GAA Confidential
- Author: Darragh McManus
- Language: English
- Subject: Sport
- Publisher: Hodder Headline Ireland
- Publication date: April 2007
- Publication place: Ireland
- Media type: Print (Paperback)
- ISBN: 0-340-93808-0

= GAA Confidential =

2007 book by Darragh McManus

GAA Confidential (Everything you never knew you wanted to know about Gaelic games) is a humorous sports book by Darragh McManus, an Irish journalist and author. It was published by Hodder Headline Ireland in April 2007.

The book takes a broad look at the Gaelic Athletic Association, and attendant Irish culture, and is divided into sections: The Introduction, The History, The Set-up, The Games, The Competitions, The Fans, The Media, The Arts & Culture, The Look, and The Other Stuff That Wouldn't Fit Anywhere Else.

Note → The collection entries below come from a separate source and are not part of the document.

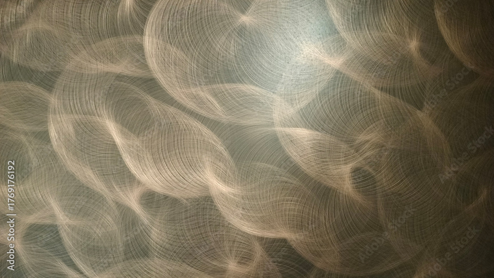 Abstract metallic texture with circular brushed pattern and soft glowing light. Artistic swirl design background with smooth curved lines and modern industrial feel, luxury design.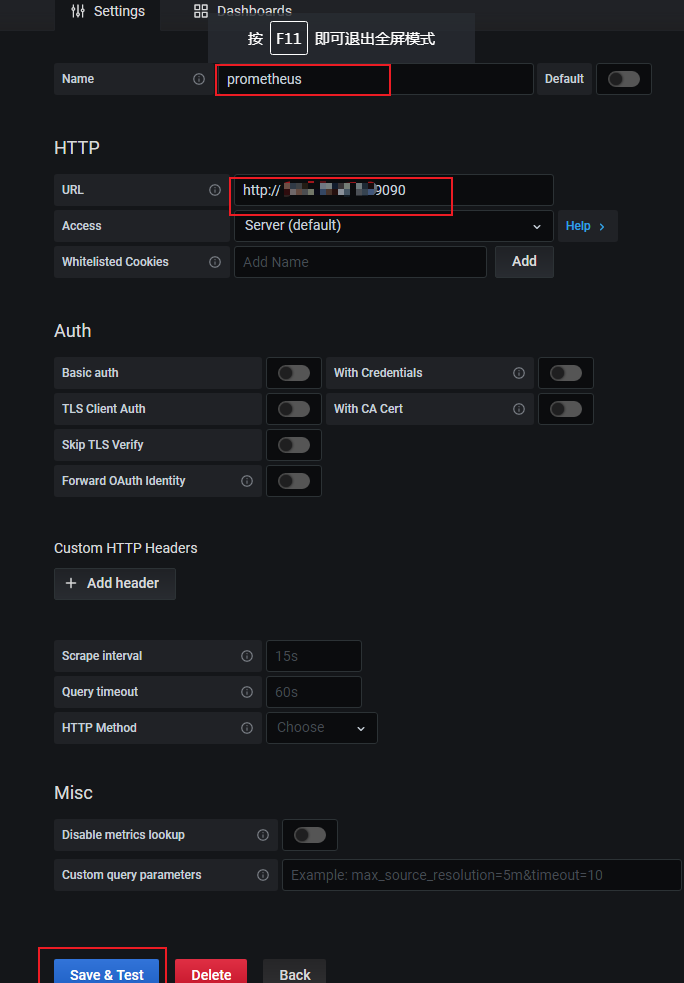 上图填写你prometheus地址,端口切记填写9090,点击save后,如果失败会有提示 。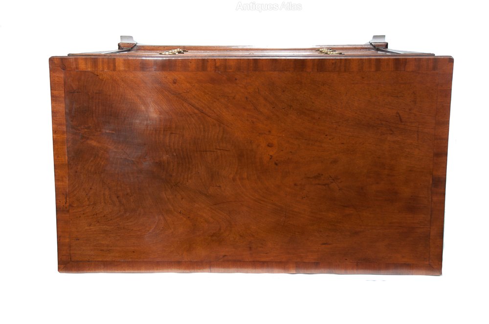 The rectangular mahogany top having a crossbanded border and moulded edge over a long drawer above three shorter drawers. All drawers being oak lined with a crossbanded border and cockbeaded edge retaining their original brass escutcheons and locks with each having a pair of solid brass hexagonal ring handles which are later. These are old handles having been on the chest since the late 19th Century.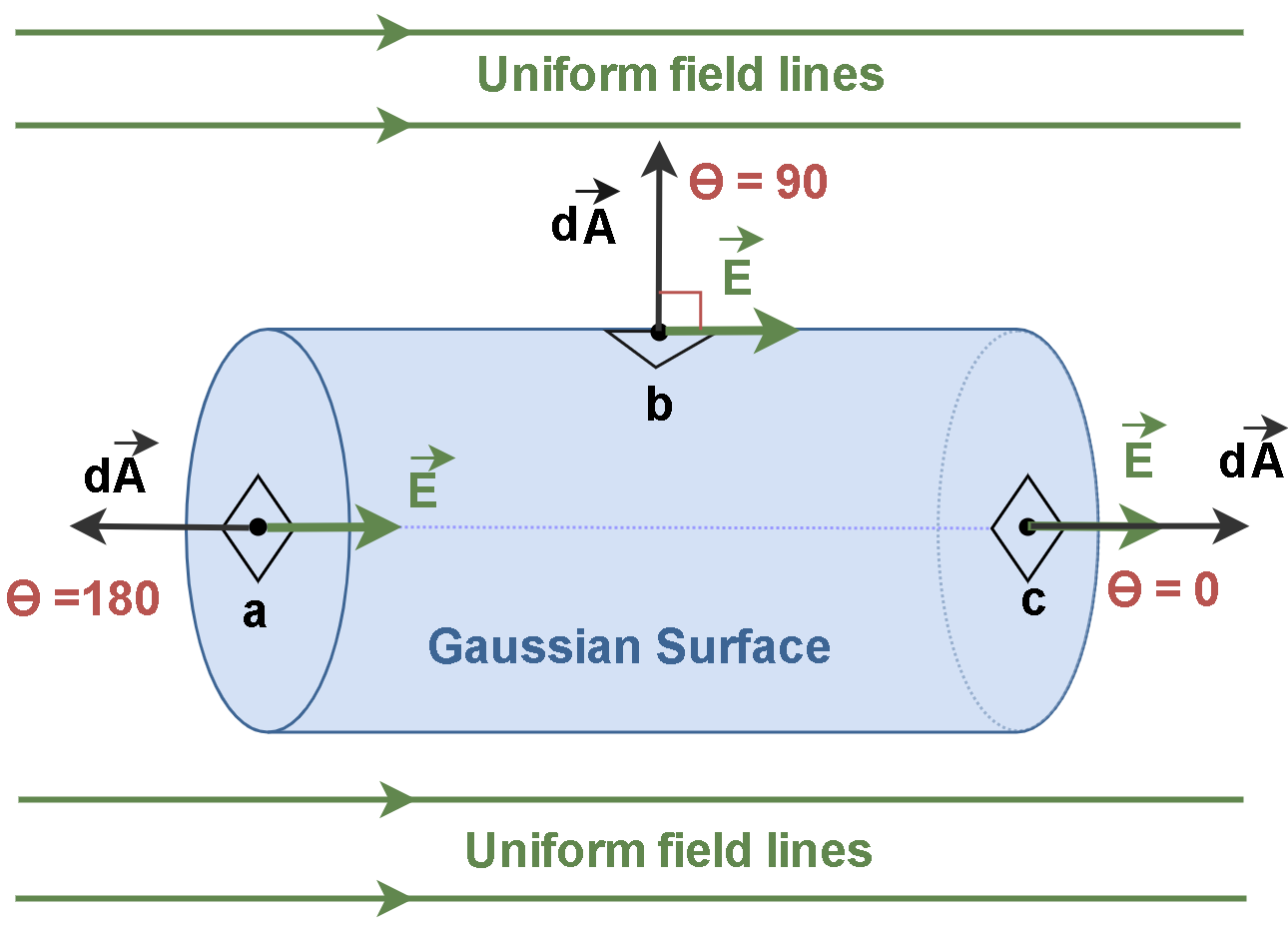 - \(\mathrm{d\vec{A}}\) = infinitesimal area element with direction normal to surface.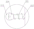 其中,所述伸缩装置10包括伸缩杆101、第二弹簧102、滚轮103和连接座104,所述伸缩杆101一端连接所述空腔3侧壁,所述伸缩杆101的另一端连接所述连接座104,所述第二弹簧102套设在所述伸缩杆101上,所述连接座104上活动连接有滚轮103。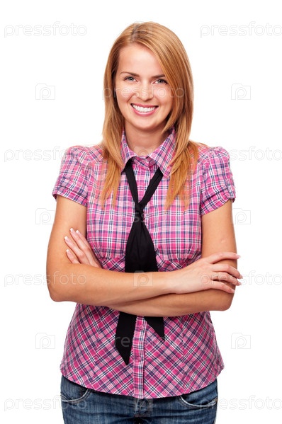 Девушка в клетчатой рубашке и галстуке на белом фоне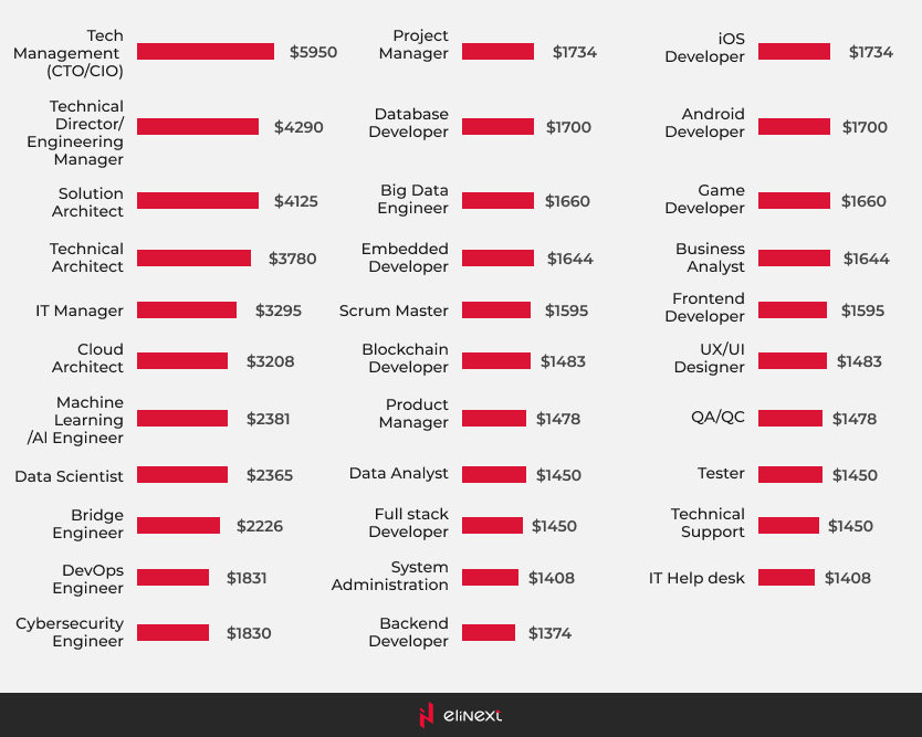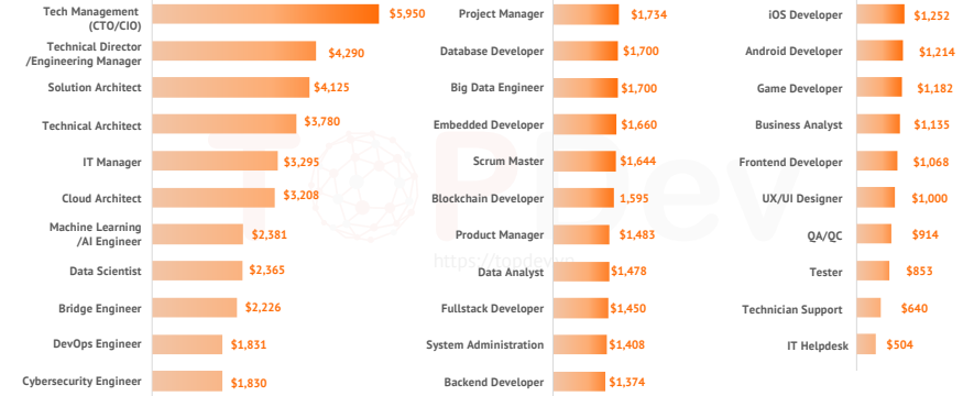 Сompare the salaries of Vietnamese engineers with those of their colleagues from other in-demand IT outsourcing destinations, say, from Malaysia (1,036 USD per month), and you’ll see Vietnam wins again in terms of people-related costs.

GAA Confidential received generally favourable reviews on publication, including: “Perhaps the funniest, most cultured book ever written about our national sports” (Irish Independent); “Hilarious…an eclectic collection of anecdotes by an immensely talented writer” (Sunday Independent); “Flip, smart, ironic and breezy…by turns a miscellany, polemic, social history and work of satire” (Sunday Business Post); “A book that every GAA fan should have…read it” (www.anfearrua.ie); "Guaranteed to raise a smile” (Sunday Tribune). It was nominated for the 2007 William Hill Irish Sportsbook of the Year award.

Darragh McManus currently writes freelance for the Irish Independent and The Guardian.